Creative Nonfiction

It's odd, trying to start this story. There is so much context that surrounds the Fox Story-- the bruise on my foot, the jean jacket, the missed flight, the concert, the Walmart trip, the panic attack, the phone call I never made. Thick ropes of context that wrap around the story and choke it. A dozen other stories that explain why this one happened. I suppose none of it mattered to the fox.

I am driving my car down a road I have never been on before, a wide residential road with an inexplicably high speed limit. My breath is finally steady for the first time in hours, and I am anticipating a peaceful evening. I see the small animal dart in front of my car, and though I slam the brakes as soon as I see it, the collision is marked by a small thump that is felt rather than heard.

In the split second that follows, bubbles of rational thought float around me. Should I keep driving? It must have been a wild animal. These things happen all the time. I did the best I could, didn't I?

Then, like a car hitting a tiny mammal, the hysterics crash into me with cacophonous force. I am hyperventilating, sobbing, "no no no no no this isn't happening."
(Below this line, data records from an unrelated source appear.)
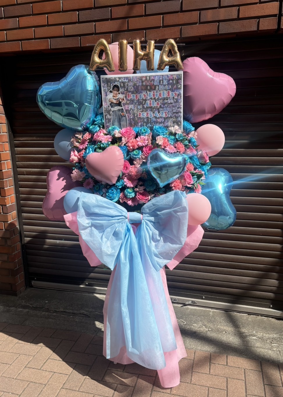 ピンクと水色のパステルカラーが可愛らしいフラスタ。バルーンと生花で彩られ、お祝いムード満点です。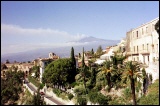 Das Bild zeigt Taormina mit dem Ätna im Hintergrund. |
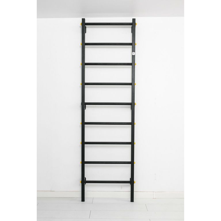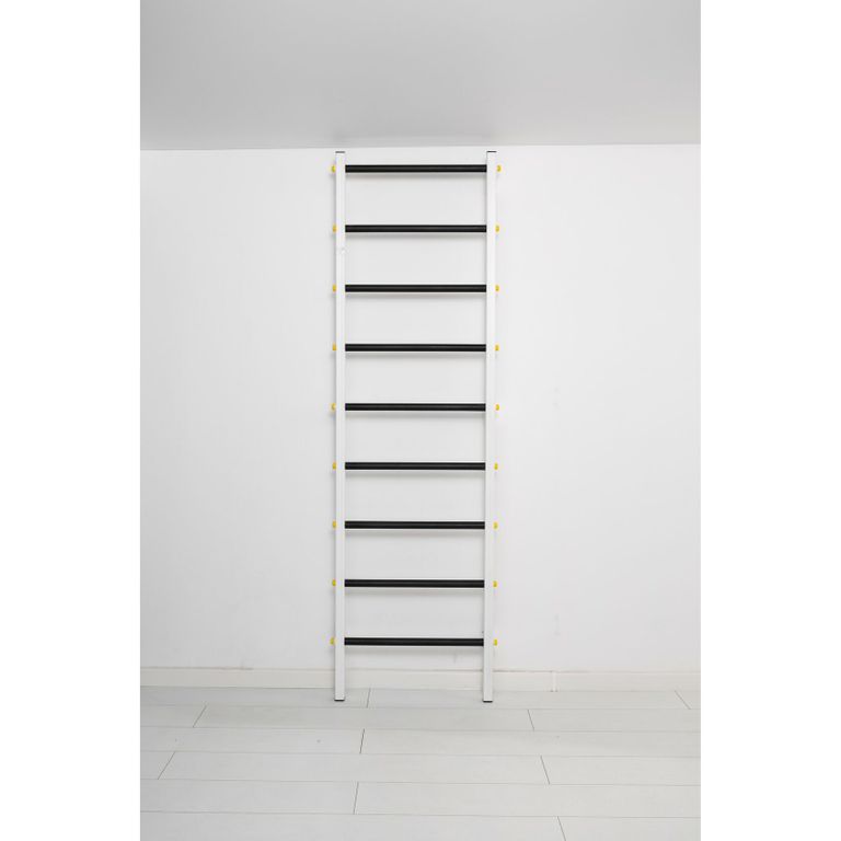 Прочная металлическая шведская стенка с креплением к стене и полу, не требует монтажа к потолку. Эту модель можно доукомплектовать любым необходимым навесным оборудованием (в комплект оно не входит).

I turn the car around, and drive past to see a small Thing huddled on the side of the road.

"No no no oh my god oh my god oh my"

I find a side street, maybe a block away from the Thing. I pull over and park, and get out, shivering in the warm evening air. There is a blanket in the back seat-- I grab it and make my way towards the Thing.

"oh my god oh my god oh my g--"

The Thing is a dog of some sorts, certainly wild, and certainly alive. I see his chest rising and falling, almost aggressively, as if he is hyperventilating like I am. I think, in the moment, that it looks like a wolf-- but not a big wolf, like a puppy. With shaking hands-body-breath-fingers, I pull out my phone and search for animal hospitals in the area. To my immense relief, there is a 24 hour emergency vet only two miles from where I am. A woman picks up on the third ring, and I held my breath to keep from crying as I spoke.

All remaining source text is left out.